AMSTERDAM -DAY 8

Wednesday, July 8. 

Same again, into town. We were off to look at Rembrants house. Jumped of the train at Waterlooplein, and walked through the city admin buildings which are above the metro station. We saw the NAP, Amsterdam Ordance Data Centre, which includes the actual Zero Sea Level for Europe. Interestingly it is in the basement but is visible for all to see. Similar in appearance to a trig point. Along with it are high and low tide indicators along with canal level indicators. All has to be carefully monitored as much of Holland is below the actual Zero level. This is important when you think that the 1953 flood was four metres above sea level. Flippers and snorkel weather.   

   Decided to have lunch first, at the same restaurant that I was at last year. Wonder why I did not realise Rembrants house was next door. Could not have been too hard, the restaurant is called Rembrants Corner. You actually sit on the bridge over the canal. Can only put it down to different priorities.

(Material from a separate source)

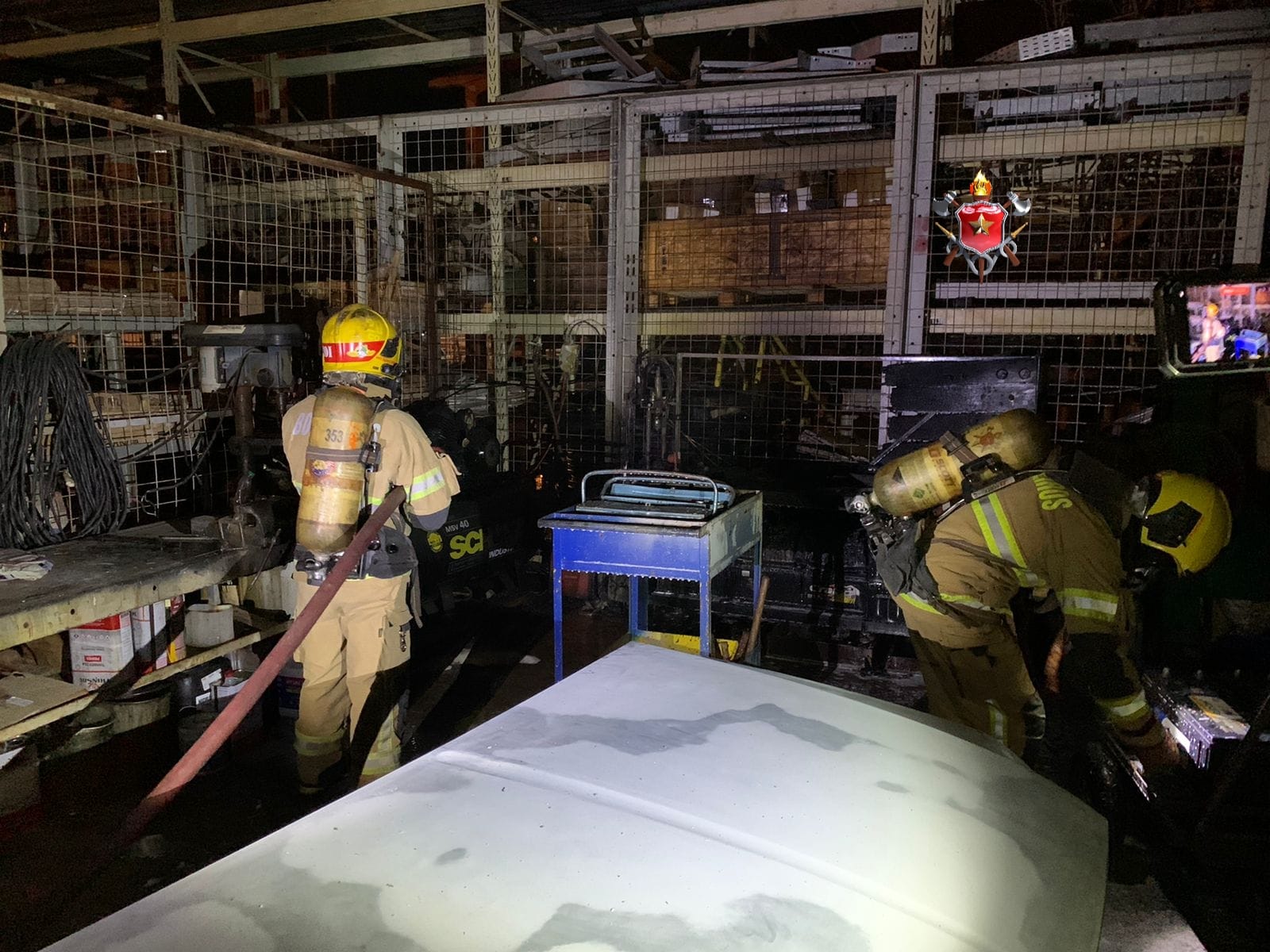 Chegando ao local as equipes verificaram o galpão, com dimensões aproximadas de 1000 m2, com grande quantidade de fumaça. Foi necessário cortar dois cadeados para abrir o portão, permitindo assim que a equipe entrasse no local para localizar o foco.

I don’t know what it is with these painters, Van Gogh supposedly shot himself, and Rembrandt was bankrupt. If you can paint it does not mean you are a financial wizard. Rembrants issue was that he paid 13,500 guilders for his house, when Mr Average earns 300 guilders a year.All that aside, Rembrandt was unbelievably talented. Not only could he paint, and on a large scale, but he was an outstanding drawer and printer.  

    

 Rembrandt was also a prolific teacher, tutoring young artists, but like many of his peers, did not sell many paintings in his lifetime. All too often, it was only after they died that their works became valuable. Try purchasing one today. You would need the finance of a small country, and in most cases that would not be enough.  

    

  The house was quite large and spread over five levels. As with most artists of that time, they also collected things, both natural and man made. These were used as inspiration for their works. Rembrandt had a great collection.  

    
    
   
   

      

All the beds were what are called bed boxes. These looked like an oversize wardrobe, where the occupants slept in a semi sitting up position. It was thought that if you slept flat then all your goodness would flow out of you during the night. Splurged in the shop and then headed to the Stedelijk Museum of Design as someone dear to me said it was open till ten tonight. 

Arrived there, it was tomorrow night. Oops, being 6.00, we decided to head back to Myrtle for an early night.